Activity :: Transcribe the entries below word for word, beginning at the line with "مسیر لجستیک Xstrap" and stopping after the line with "Robe longue froissée"; drop all pictures.

Supplied material ::
------------------------------------------------------------
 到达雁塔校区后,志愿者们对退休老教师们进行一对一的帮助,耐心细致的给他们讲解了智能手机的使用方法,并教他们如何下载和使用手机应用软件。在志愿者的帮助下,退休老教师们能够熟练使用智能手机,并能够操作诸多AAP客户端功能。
------------------------------------------------------------
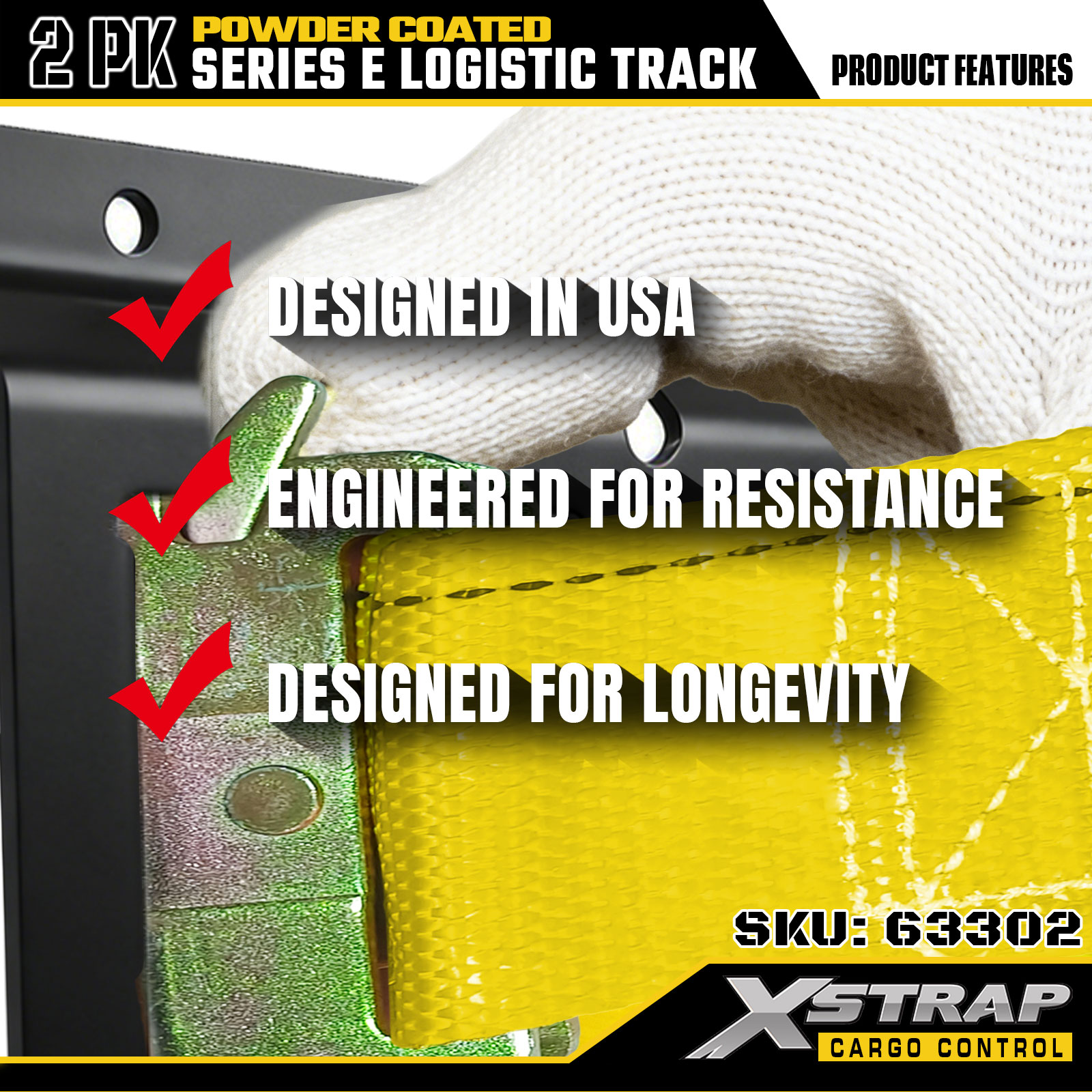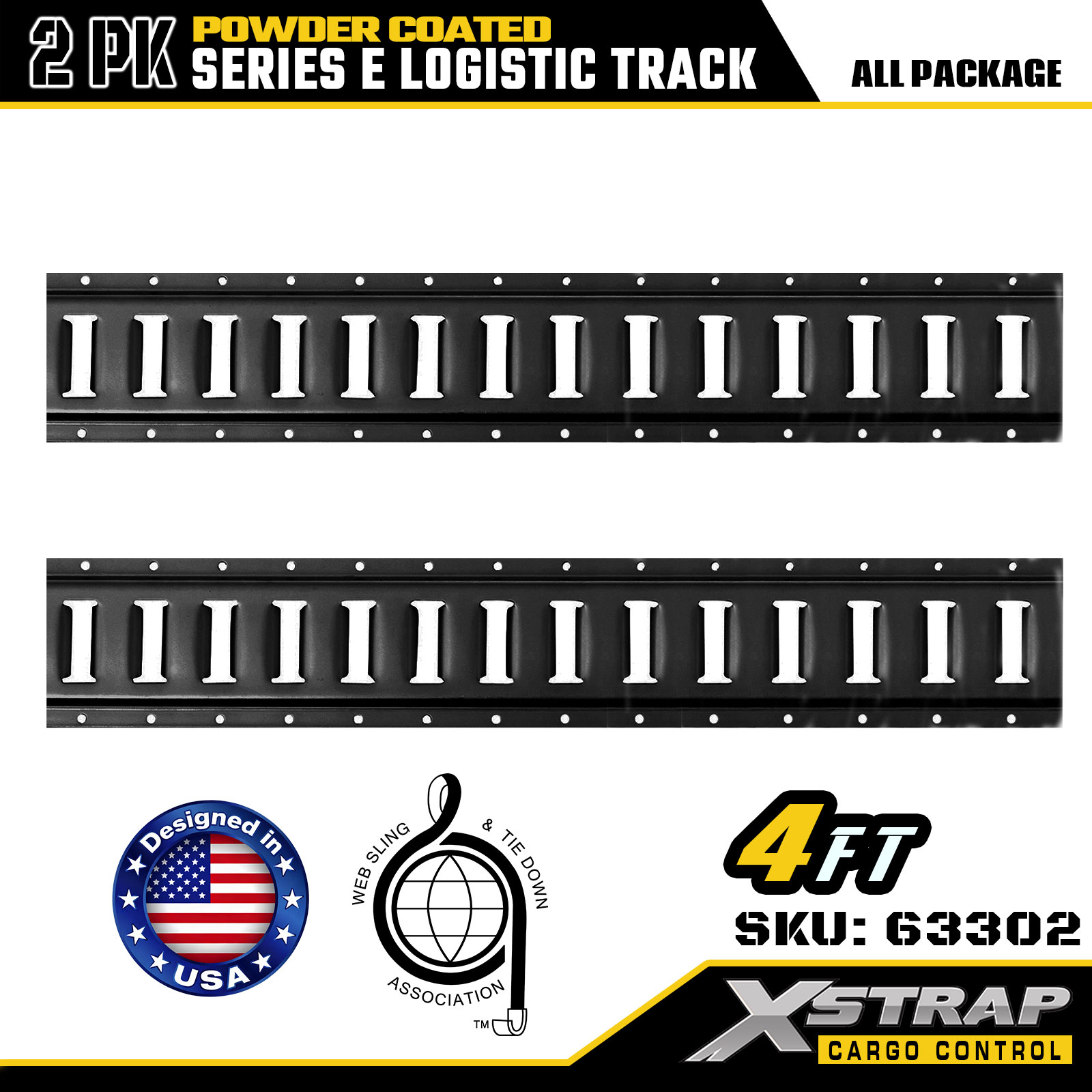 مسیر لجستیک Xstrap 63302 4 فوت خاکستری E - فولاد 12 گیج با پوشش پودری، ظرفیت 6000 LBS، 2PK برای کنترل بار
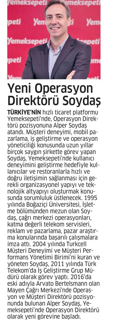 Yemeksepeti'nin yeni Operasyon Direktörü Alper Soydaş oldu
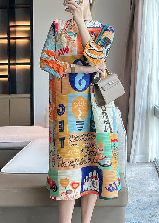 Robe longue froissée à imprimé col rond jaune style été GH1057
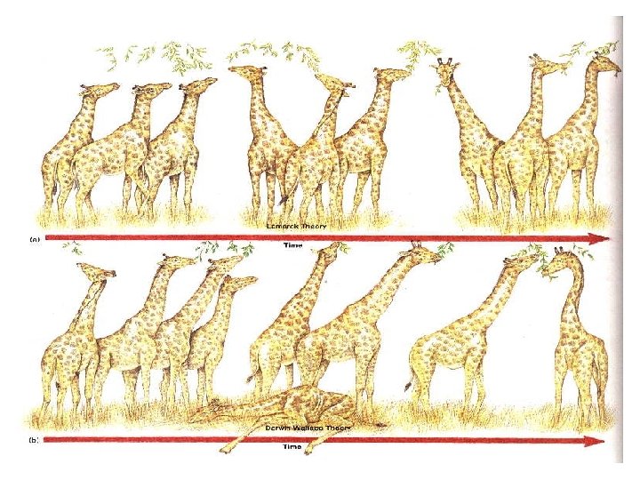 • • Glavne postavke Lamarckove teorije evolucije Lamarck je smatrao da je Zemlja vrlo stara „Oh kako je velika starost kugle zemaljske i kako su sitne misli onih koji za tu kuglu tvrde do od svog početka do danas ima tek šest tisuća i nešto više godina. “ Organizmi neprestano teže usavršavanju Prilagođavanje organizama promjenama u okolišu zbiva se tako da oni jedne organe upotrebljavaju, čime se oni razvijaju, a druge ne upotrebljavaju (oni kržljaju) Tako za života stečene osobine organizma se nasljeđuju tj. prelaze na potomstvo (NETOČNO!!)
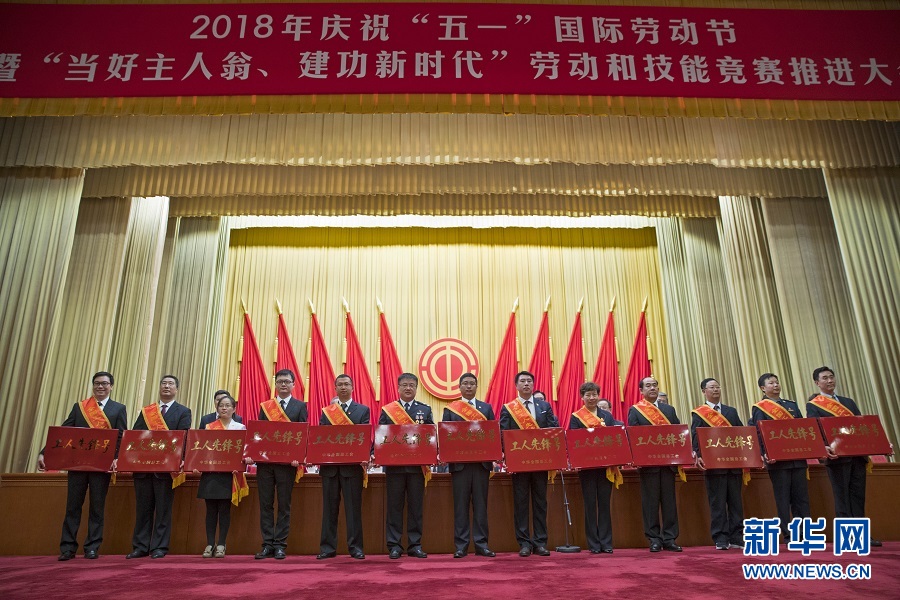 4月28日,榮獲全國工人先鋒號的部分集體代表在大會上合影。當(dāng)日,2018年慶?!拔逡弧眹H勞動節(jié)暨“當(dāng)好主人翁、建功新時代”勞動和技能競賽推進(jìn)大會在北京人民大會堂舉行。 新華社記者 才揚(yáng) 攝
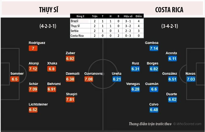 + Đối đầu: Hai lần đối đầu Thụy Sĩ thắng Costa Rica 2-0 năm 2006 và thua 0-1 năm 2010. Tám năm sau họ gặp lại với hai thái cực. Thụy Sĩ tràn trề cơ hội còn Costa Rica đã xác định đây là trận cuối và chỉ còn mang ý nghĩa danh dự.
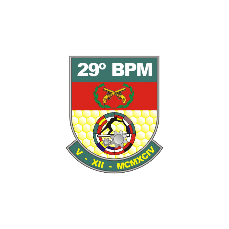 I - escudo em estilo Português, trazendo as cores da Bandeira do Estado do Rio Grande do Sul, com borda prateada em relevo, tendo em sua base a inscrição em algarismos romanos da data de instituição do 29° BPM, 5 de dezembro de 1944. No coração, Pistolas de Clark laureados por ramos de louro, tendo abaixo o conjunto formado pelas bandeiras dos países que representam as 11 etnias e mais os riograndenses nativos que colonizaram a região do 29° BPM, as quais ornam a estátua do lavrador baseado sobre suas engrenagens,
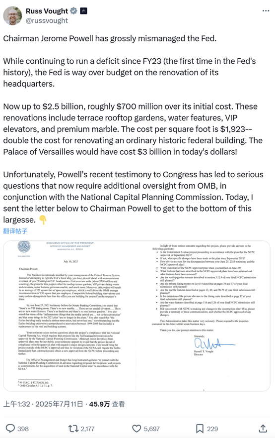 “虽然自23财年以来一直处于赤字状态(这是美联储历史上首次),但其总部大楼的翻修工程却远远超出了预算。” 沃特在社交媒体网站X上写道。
------------------------------------------------------------
Written response ::
 مسیر لجستیک Xstrap 63302 4 فوت خاکستری E - فولاد 12 گیج با پوشش پودری، ظرفیت 6000 LBS، 2PK برای کنترل بار
 Yemeksepeti'nin yeni Operasyon Direktörü Alper Soydaş oldu
 Robe longue froissée à imprimé col rond jaune style été GH1057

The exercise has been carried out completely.